Abstracts (first author)
CYP51 Paralogues and Azole Sensitivity in Rhynchosporium commune
The azoles, inhibiting sterol 14-α demethylase encoded by CYP51, are widely used both as clinical antifungal drugs and as agricultural fungicides. In contrast to some fungicide classes, no single mutation has arisen that confers broad, qualitative resistance to all azoles, but quantitative sensitivity shifts have arisen through a range of mechanisms. In some cases, sensitivity shifts may be due to enhanced efflux of the drug, or altered sterol metabolism, but other mechanisms involve the fungicide target site: CYP51 mutations confer reduced sensitivity in the clinical pathogen Candida albicans and the wheat pathogen Mycosphaerella graminicola, and CYP51 over-expression confers reduced sensitivity in the fruit pathogen Venturia inaequalis. Genome sequencing has revealed that some filamentous ascomycetes possess multiple CYP51 paralogues, with CYP51B present in all sequenced species, CYP51A in around half, and CYP51C only in Fusarium species. Presence of CYP51A reduces intrinsic azole sensitivity, with CYP51A mutations and over-expression resulting in further reductions in sensitivity in clinical isolates of Aspergillus fumigatus. However, in the barley pathogen Rhynchosporium commune, CYP51A is only present in some isolates, and acquired reductions in azole sensitivity in the last fifteen years are linked to the re-emergence of CYP51A in the R. commune population. Historical and functional studies provide evidence for the role of CYP51A in reduced azole sensitivity in R. commune.
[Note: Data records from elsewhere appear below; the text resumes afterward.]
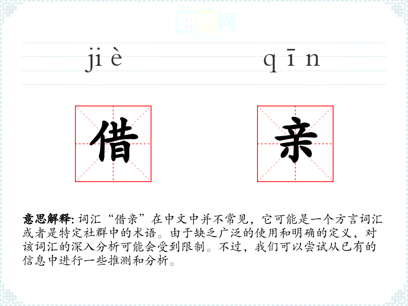 词汇“借亲”在中文中并不常见,它可能是一个方言词汇或者是特定社群中的术语。由于缺乏广泛的使用和明确的定义,对该词汇的深入分析可能会受到限制。不过,我们可以尝试从已有的信息中进行一些推测和分析。
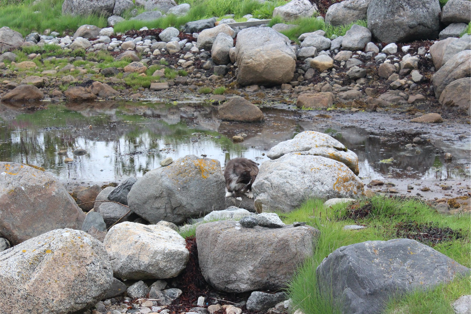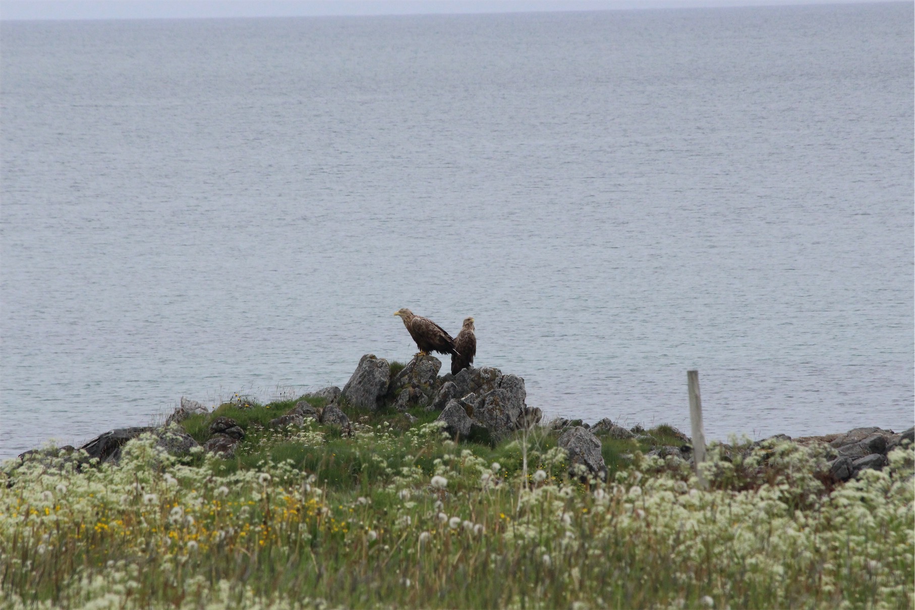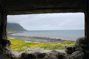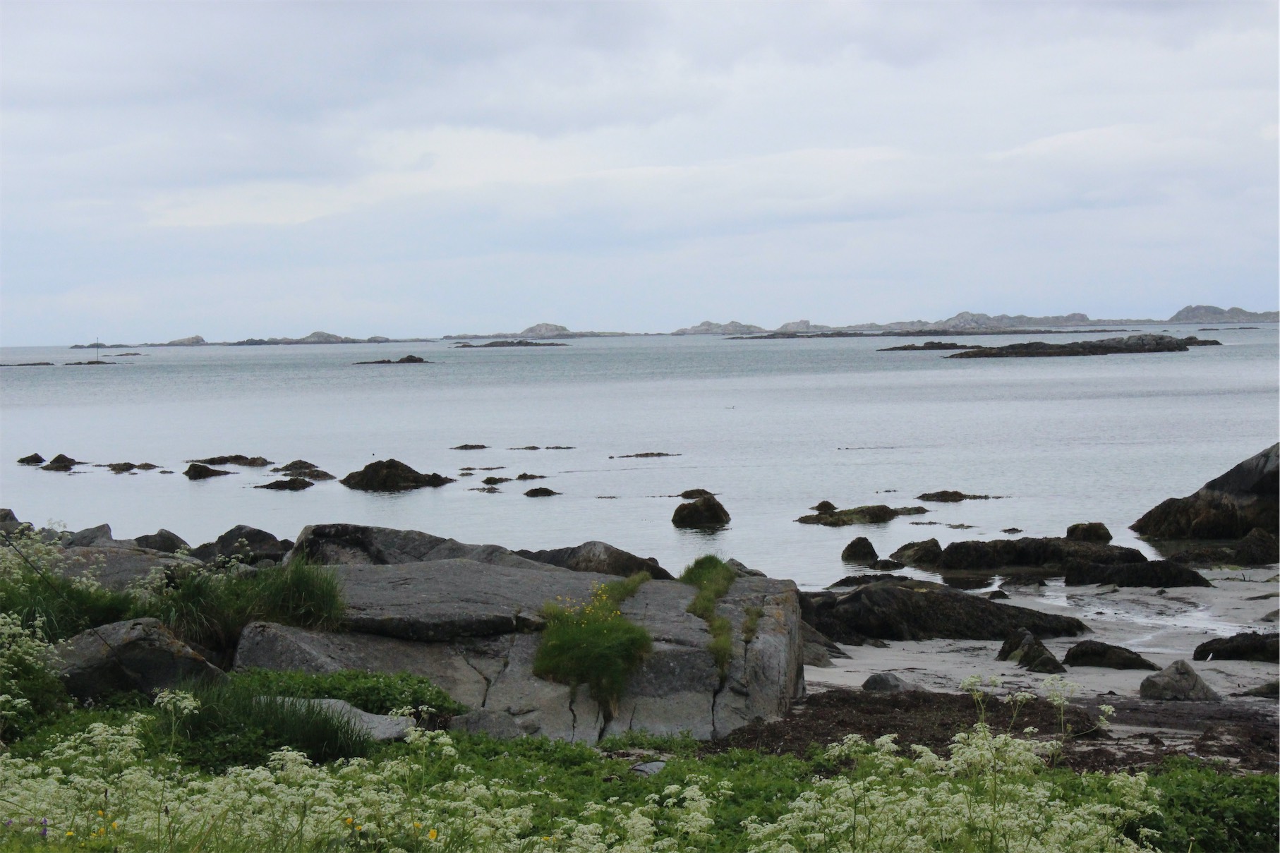 The drive along the ocean’s edge was amazing, though the weather was still disappointing the landscape was not. Fishing huts and drying racks were popular with seagulls despite there being no fish hung up yet. Wildflowers were everywhere and it was truly beautiful.
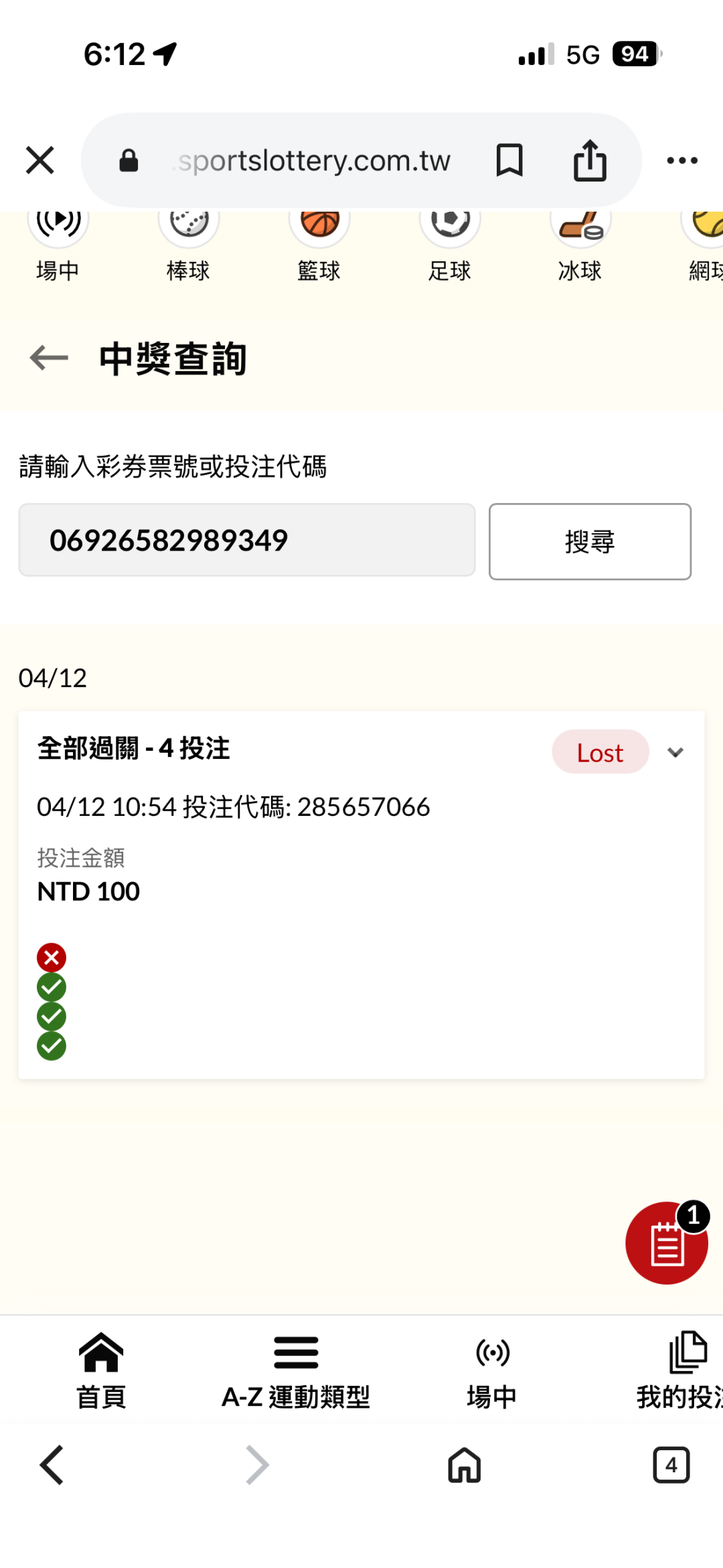 賽事結果查詢
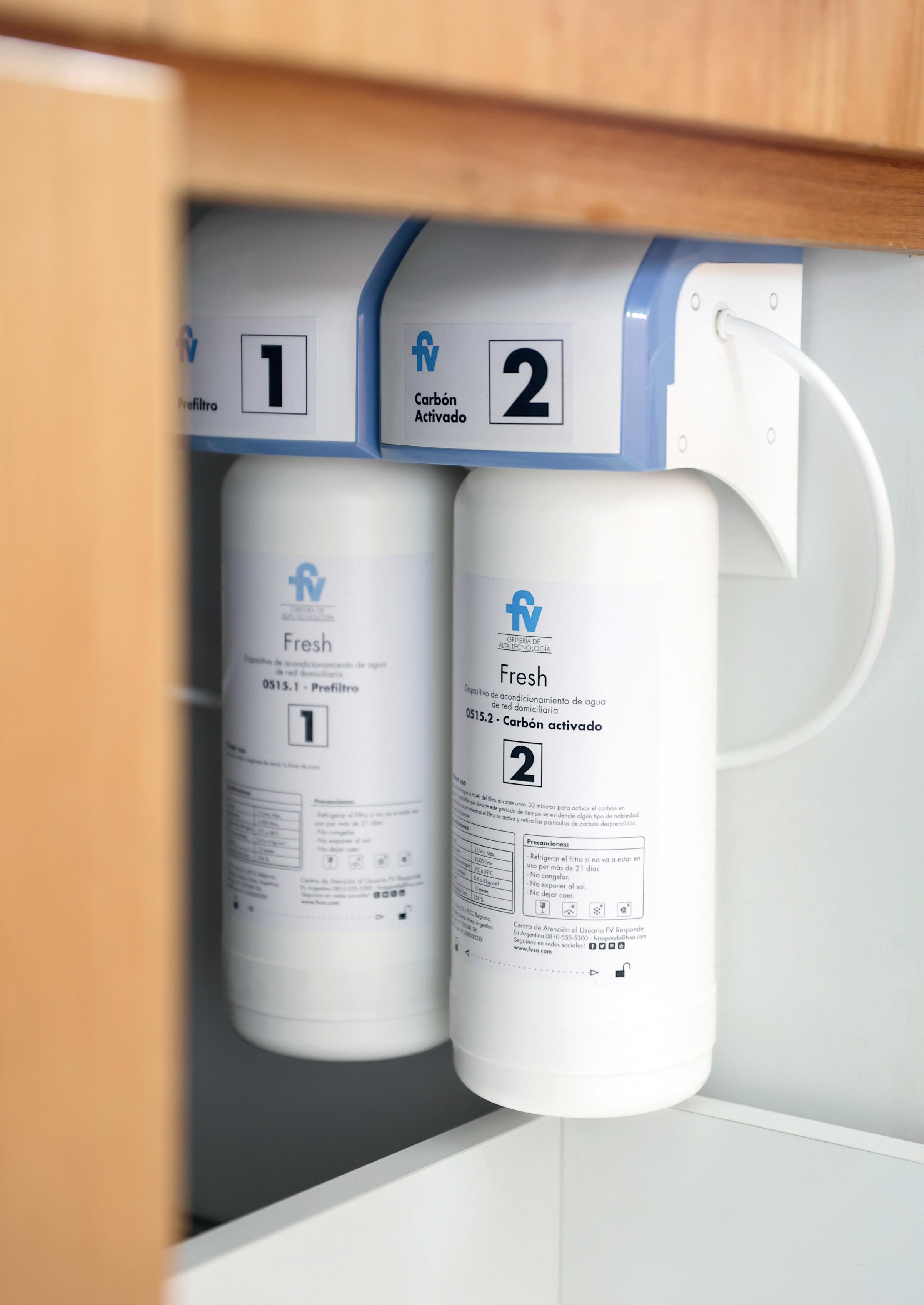 FV Fresh está compuesto por un pre filtro que retiene arena y partículas sólidas suspendidas en el agua y un filtro de carbón activado en bloque que tiene millones de poros microscópicos en donde queda atrapada Ia materia orgánica contaminante. Su función principal es remover el cloro remanente, el sabor y el olor del agua y tiene una vida útil de 5.000 litros o 12 meses desde su primer uso.
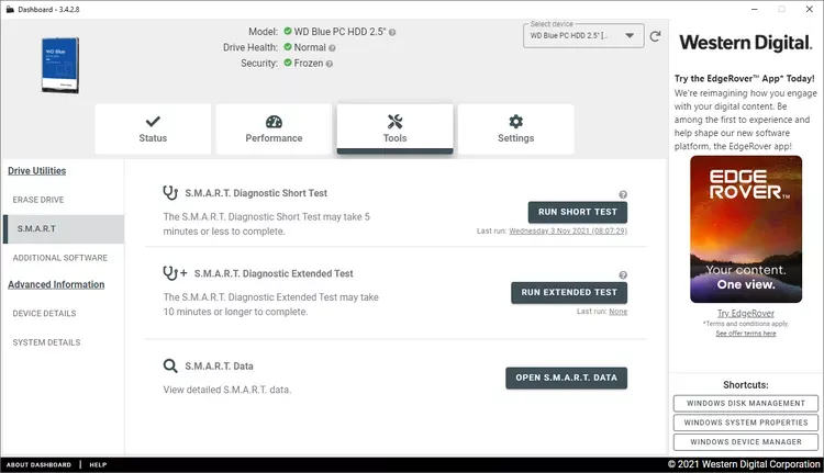 Western Digital Dashboard — софт для Windows, тестирующий жёсткий диск.
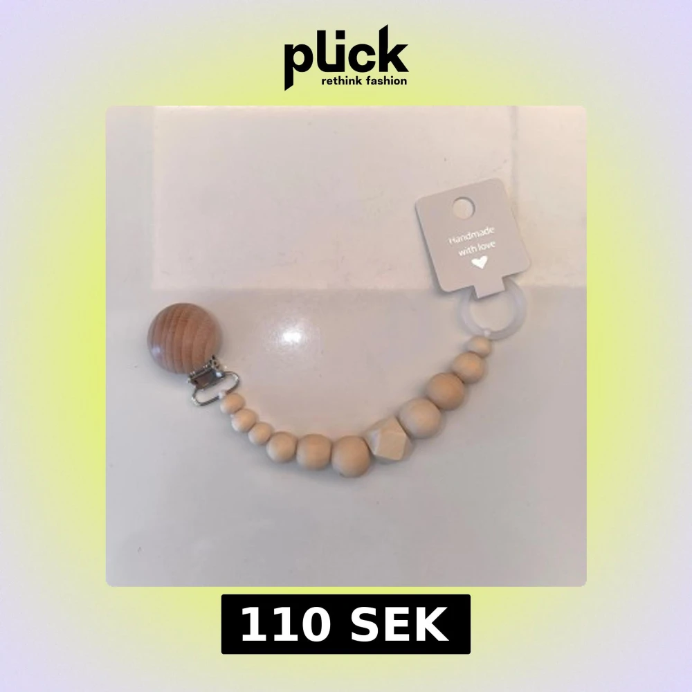Säljer en handgjord napphållare med träkulor i olika storlekar och en hexagonformad detalj. Den har en praktisk klämma i metall för enkel fastsättning. Perfekt för att hålla nappen nära till hands.
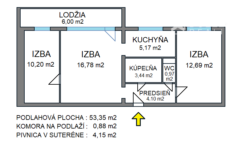 Podlahová plocha bytu je 54 m2 vrátane príručného kumbálu na vonkajšej chodbe. K bytu patrí veľká pivnica v suteréne domu o rozlohe 4 m2.
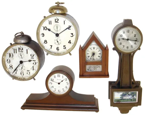 Clocks- 5 (Five) alarm and novelty: Ansonia small 8 day time only, mahogany tambour; Burroughs "No.49T Steeple Gothic" time only; two Ansonia oversize alarm clocks, one marked "Amazon"; New Haven 12-day miniature banjo; early 20th century
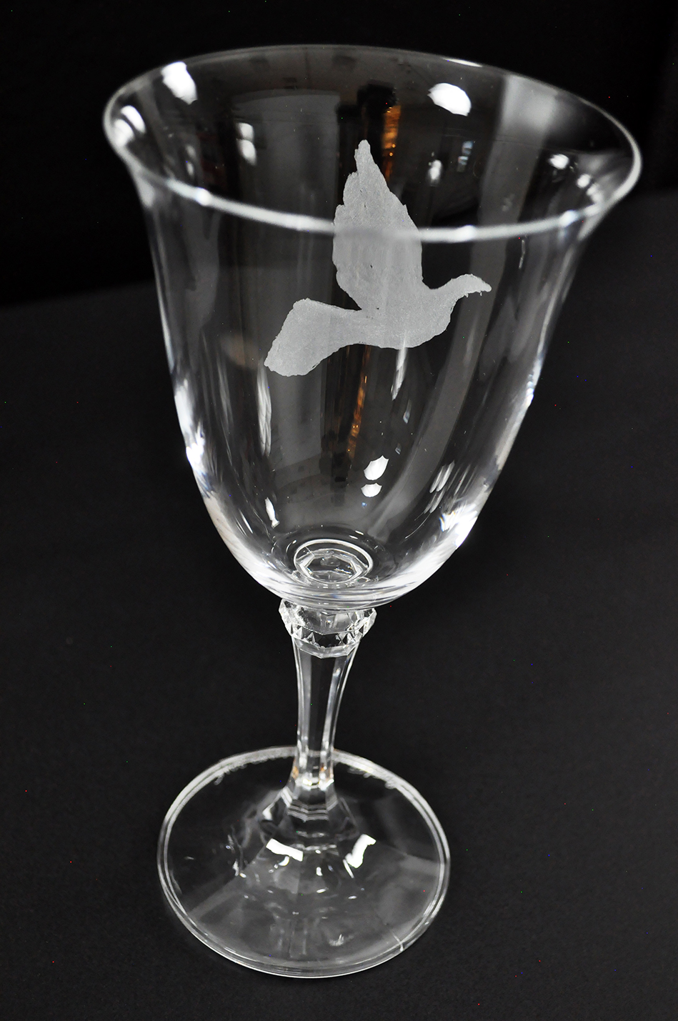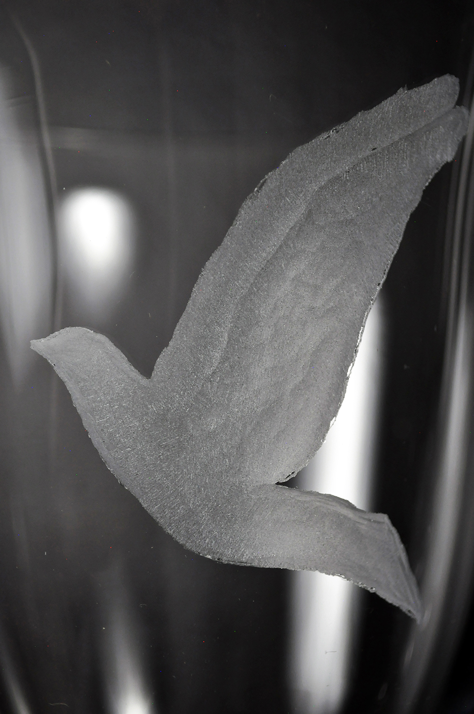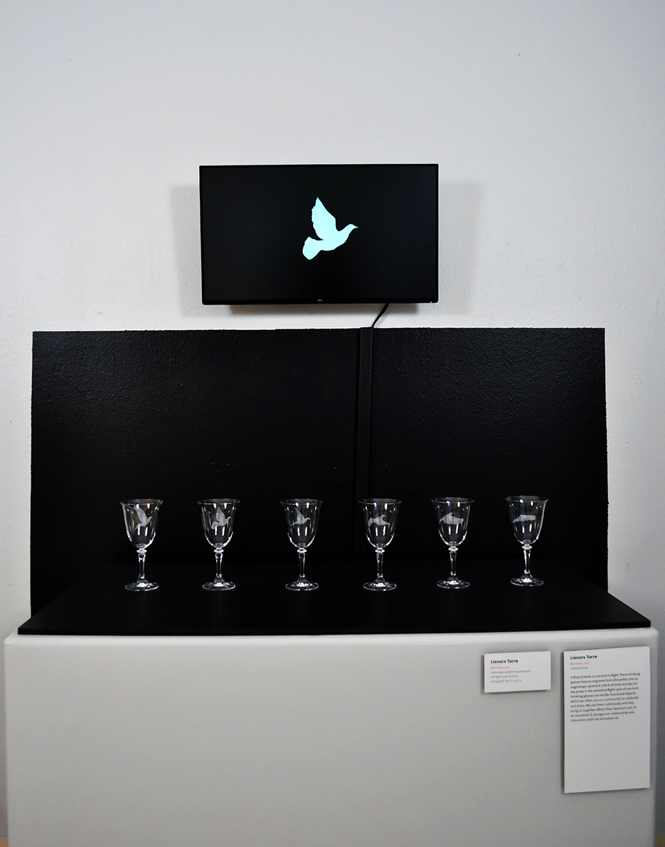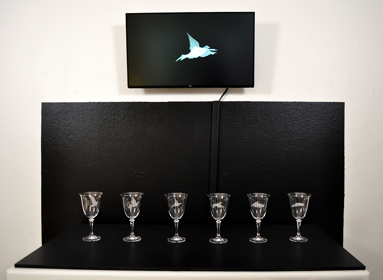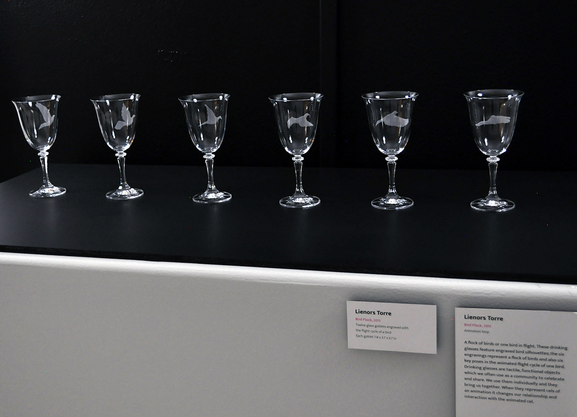 Bird Flock (2015). A flock of birds or one bird in flight. These drinking glasses feature engraved bird silhouettes. The six engravings represent a flock of birds; simultaneously, they suggest six key poses in the animated flight cycle of a single bird. Drinking glasses are tactile, functional objects. When they represent the cells of an animation it changes our relationship and interaction with the animated cell.
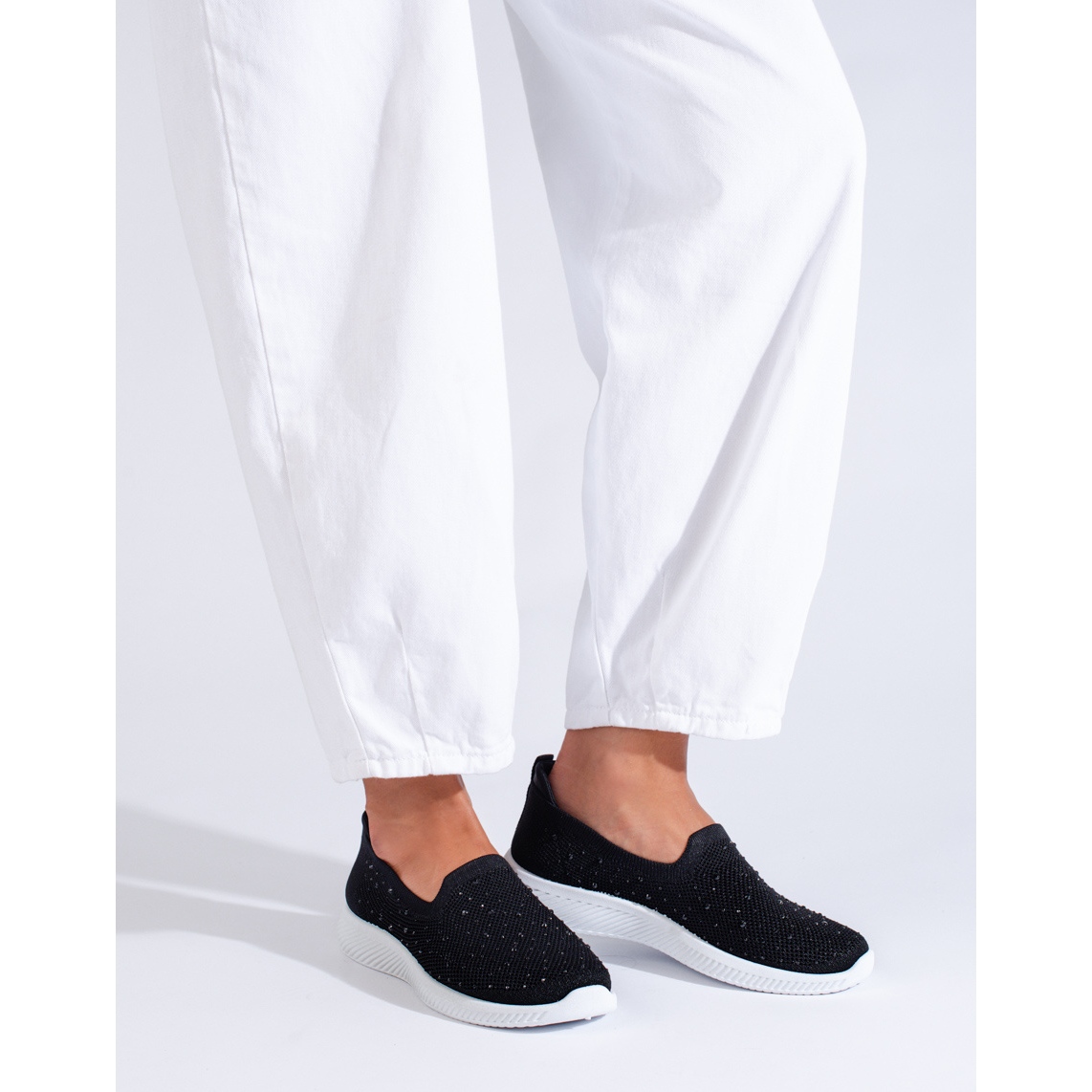 Ezek a híres Shelovet márka fekete szövet szegecsekkel ellátott cipői, amelyek tökéletesen illeszkednek a sportos és lezser stílushoz. A mindennapi használatra tökéletes divatos cipők kényelmet és mozgásszabadságot biztosítanak az épített, puha sarokpultnak és a rugalmas felső anyagnak köszönhetően, mely 100%-ban tartós textilanyagból készült.
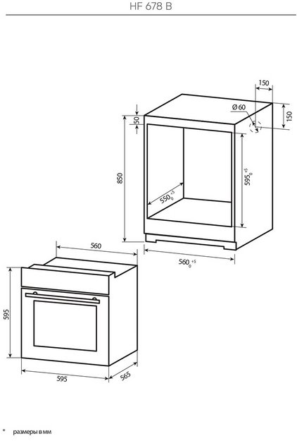 Ко всем моделям прилагаются подробные инструкции по установке, где указаны точные размеры ниши для каждой конкретной духовки.

Mapping the adaptive landscape of Mycosphaerella graminicola CYP51 under selection by azole fungicides
The evolution of resistance to drugs and pesticides is a prime example of evolution in action. In many cases, such as the evolution of resistance to QoI and MBC fungicides in fungal pathogens of plants, the adaptive landscape is very simple, with a single mutation effectively conferring full resistance. However, in the case of the azole fungicides, multiple mutations in the target-site-encoding gene CYP51 occur in various combinations, with quantitative and epistatic effects on fungicide sensitivity and enzyme function. Epistatic interactions between mutations may result in rugged fitness landscapes, and incomplete cross-resistance between azoles causes the fitness landscape to shift as different fungicides are used. Mycosphaerella graminicola (Mycosphaerellaceae, Ascomycota) is a major foliar pathogen of wheat, causing yield losses of up to 50%. Azoles have been used extensively to control M. graminicola, but many CYP51 mutations have been reported, with up to eight coding changes in one haplotype, reducing the effectiveness of some compounds. Tools available to investigate M. graminicola CYP51 mutations include functional studies through heterologous expression and homologous gene replacement, experimental evolution through UV mutagenesis and in vitro selection, and historical studies with 160 years of archived samples from Rothamsted's Broadbalk long-term winter wheat field experiment. We consider the value of modelling the evolution of M. graminicola CYP51 as an adaptive landscape, both in formulating anti-resistance strategies for azole use in agriculture, and in addressing fundamental evolutionary questions such as historical contingency and the crossing of adaptive valleys.